Assigned task -
Leave out the pictures and retype exactly the lines from the line with "The open sweater" through the end of the listing below.

Collected data -
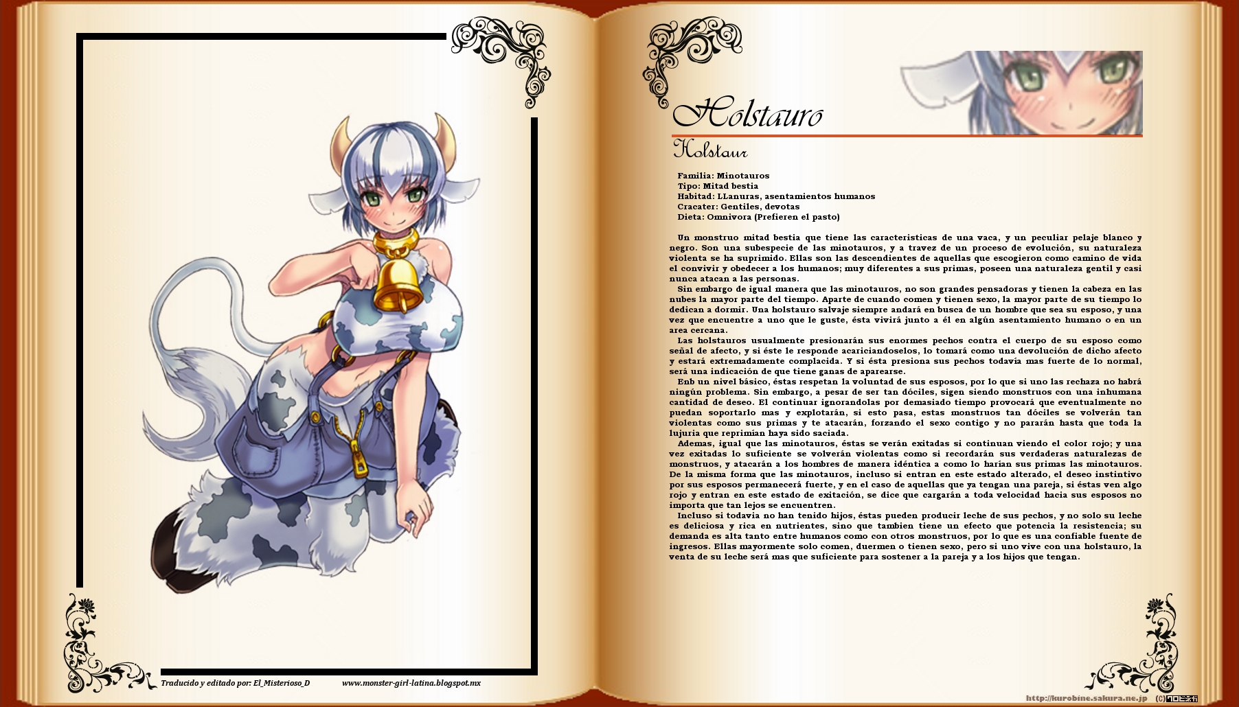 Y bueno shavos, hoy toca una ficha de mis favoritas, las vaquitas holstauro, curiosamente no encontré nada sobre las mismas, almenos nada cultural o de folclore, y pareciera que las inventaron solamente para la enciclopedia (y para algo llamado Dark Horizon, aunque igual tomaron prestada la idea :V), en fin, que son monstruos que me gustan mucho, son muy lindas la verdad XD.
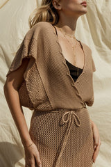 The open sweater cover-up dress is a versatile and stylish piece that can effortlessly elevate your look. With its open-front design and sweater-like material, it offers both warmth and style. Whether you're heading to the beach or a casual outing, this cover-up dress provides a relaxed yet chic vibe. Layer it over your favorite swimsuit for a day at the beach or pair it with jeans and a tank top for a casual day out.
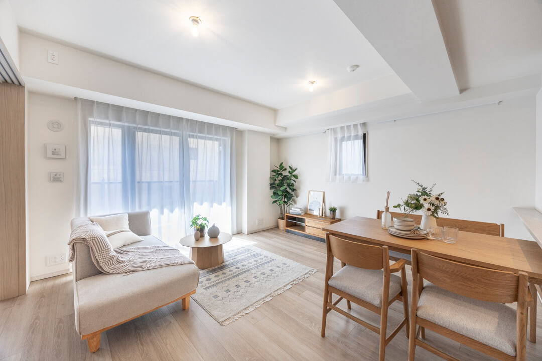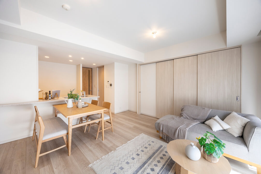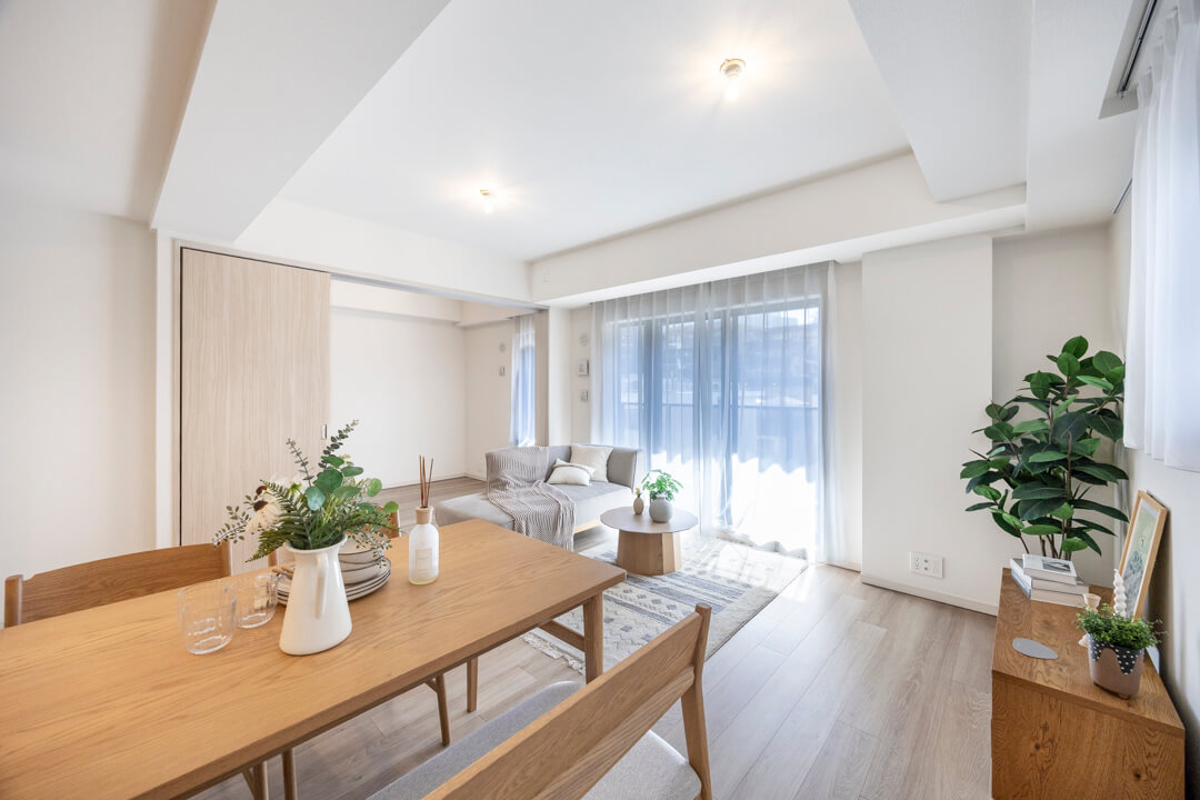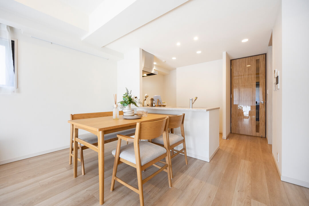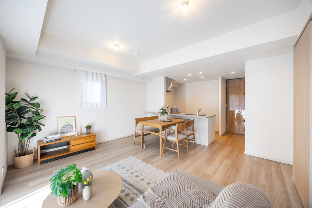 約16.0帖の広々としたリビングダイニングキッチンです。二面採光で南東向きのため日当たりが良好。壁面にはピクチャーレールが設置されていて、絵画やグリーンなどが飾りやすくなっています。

Task response -
 The open sweater cover-up dress is a versatile and stylish piece that can effortlessly elevate your look. With its open-front design and sweater-like material, it offers both warmth and style. Whether you're heading to the beach or a casual outing, this cover-up dress provides a relaxed yet chic vibe. Layer it over your favorite swimsuit for a day at the beach or pair it with jeans and a tank top for a casual day out.
 約16.0帖の広々としたリビングダイニングキッチンです。二面採光で南東向きのため日当たりが良好。壁面にはピクチャーレールが設置されていて、絵画やグリーンなどが飾りやすくなっています。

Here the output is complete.